◆ Task to complete: Extract the line that contains "The application of" and every line after it through the end of the records below, exactly as written, leaving out any pictures.

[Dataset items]
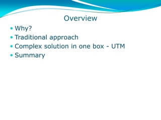 The document discusses internet security threats like malware, viruses, and spam. It describes how the traditional approach to these threats was to add standalone security technologies like antivirus, firewalls, and intrusion prevention systems. However, this led to complex solutions. The document then introduces unified threat management (UTM) as an integrated security appliance that consolidates these essential network security functions into a single device to provide an easier to manage solution to the new challenges posed by the internet.
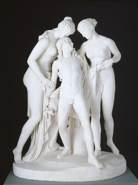 Editor: Here we have Louis Simon Boizot's marble sculpture, "L'Amour piqué par une abeille," from around 1775. It depicts Venus and Cupid, but there's something a little unsettling about it to me. How do you interpret this work? Curator: What strikes me is how this piece encapsulates the complex negotiations of power and vulnerability inherent in the rococo era's representation of love. This isn't just a sweet depiction; it's an allegory for the pains associated with desire, seen through a gendered lens. Consider the societal expectations placed on women during that period. What does Venus's reaction to Cupid's sting tell us about the prescribed emotional roles for women? Editor: That's a good point, it makes me rethink Venus’ role in this narrative beyond just motherly concern. Curator: Exactly. The bee sting, in that sense, functions as a metaphor for the societal stings women experience. Think about it, Cupid isn't being punished; Venus seems to be internalizing and managing his pain. Do you see this piece now as reinforcing or critiquing such dynamics? Editor: I’m starting to see how it could be both. On one hand, it reinforces traditional roles by showing a woman primarily concerned with a male figure’s suffering, even when self-inflicted. But maybe it also reveals the absurdity and injustice of those expectations by exaggerating them. Curator: Precisely! And think about the nude figure – Venus here is literally exposed, mirroring the social vulnerability of women at the time. This exposure, combined with her reflexive empathy, creates a potent commentary on female experience. It's more than meets the eye! Editor: I will never be able to see Classicism in the same light again. This was so insightful; thanks for shedding light on those underlying gendered dynamics!
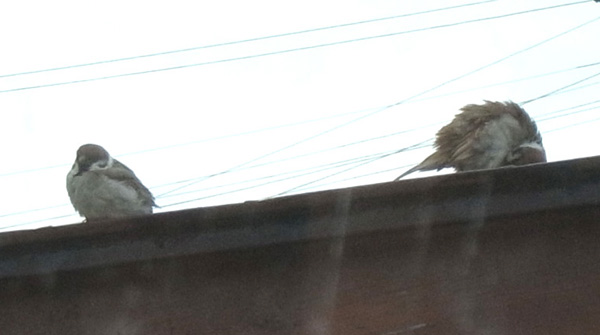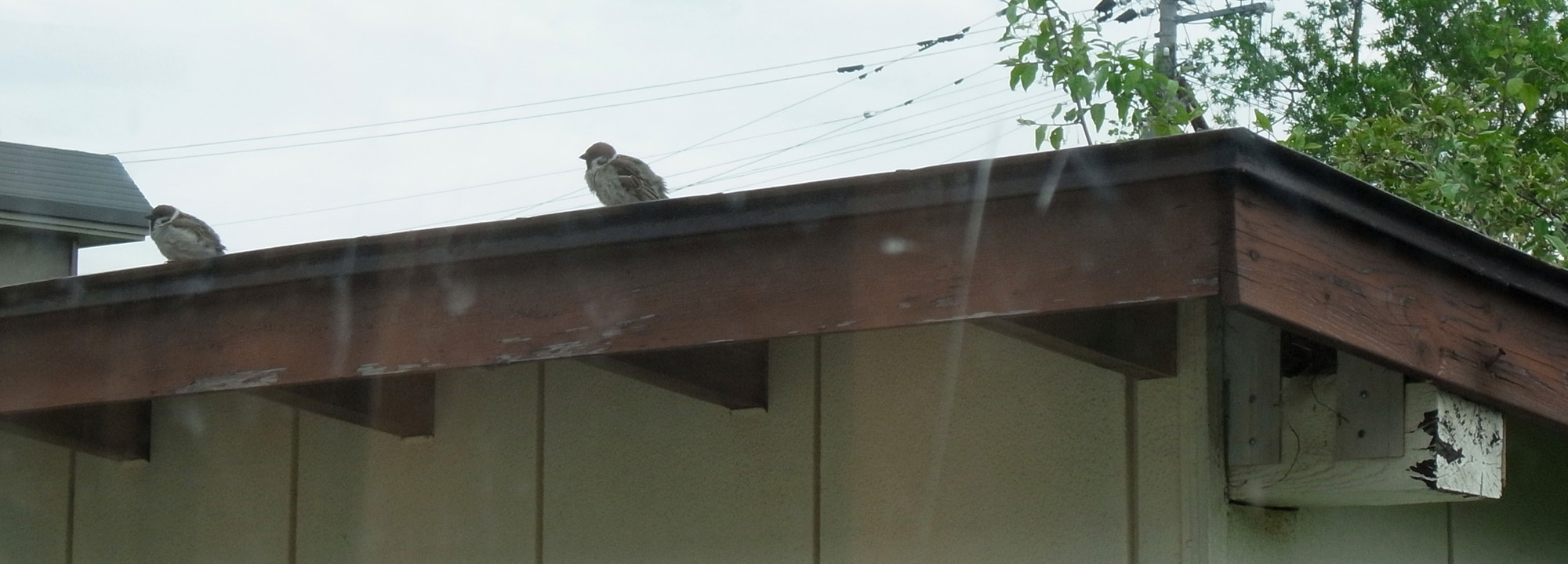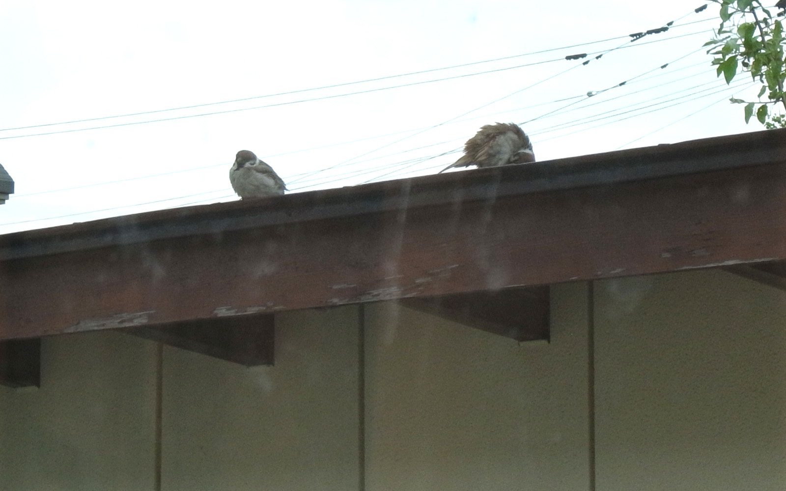 二羽のスズメが,巣の上の屋根にいるのを見る。
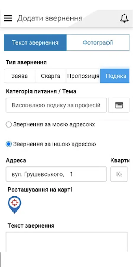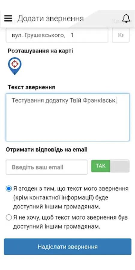 The application of the Ivano-Frankivsk TG Rapid Response Service was created for the purpose of quick and convenient handling of a problem, initiative or proposal.
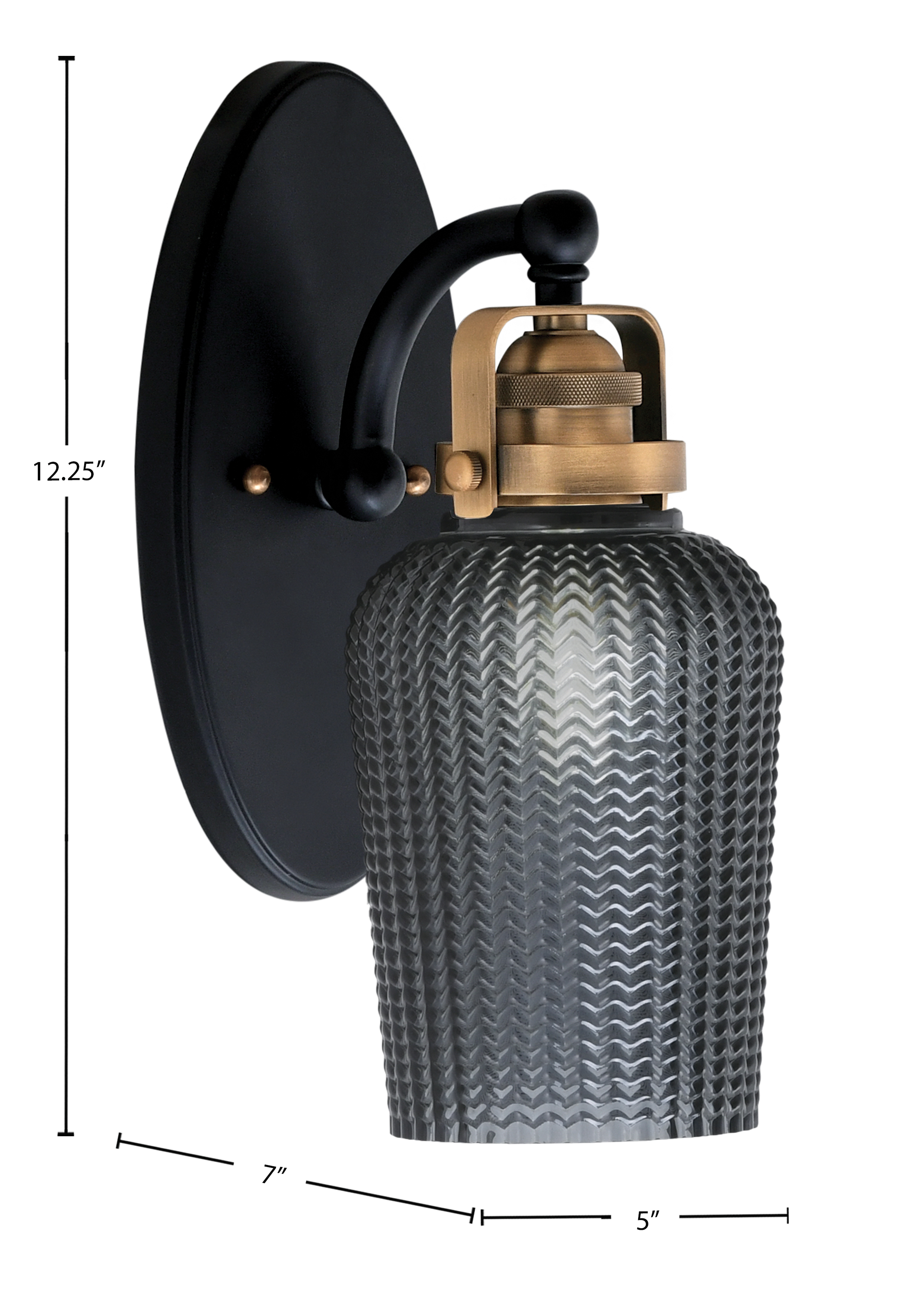 Toltec Lighting 1931-MBBR-4252 Easton Wall Sconce, Matte Black & Brass Finish, 5″ Smoke Textured Glass
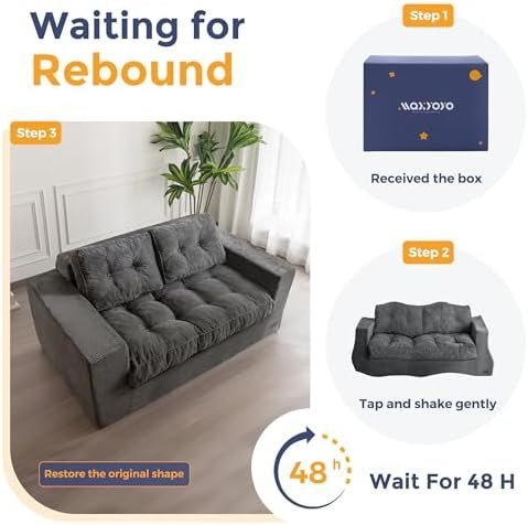 Textured Corded Fabric: Wrapped in premium corduroy, this sofa couch in a box delivers a soft, skin-friendly feel with stylish ribbed texture. Durable and breathable, it’s made to stay plush and beautiful through everyday lounging
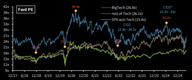 빅테크는 여전히 24년 말에 비해서 낮은 밸류에이션을 받고 있다.

◆ Output:
 The application of the Ivano-Frankivsk TG Rapid Response Service was created for the purpose of quick and convenient handling of a problem, initiative or proposal.
 Toltec Lighting 1931-MBBR-4252 Easton Wall Sconce, Matte Black & Brass Finish, 5″ Smoke Textured Glass
 Textured Corded Fabric: Wrapped in premium corduroy, this sofa couch in a box delivers a soft, skin-friendly feel with stylish ribbed texture. Durable and breathable, it’s made to stay plush and beautiful through everyday lounging
 빅테크는 여전히 24년 말에 비해서 낮은 밸류에이션을 받고 있다.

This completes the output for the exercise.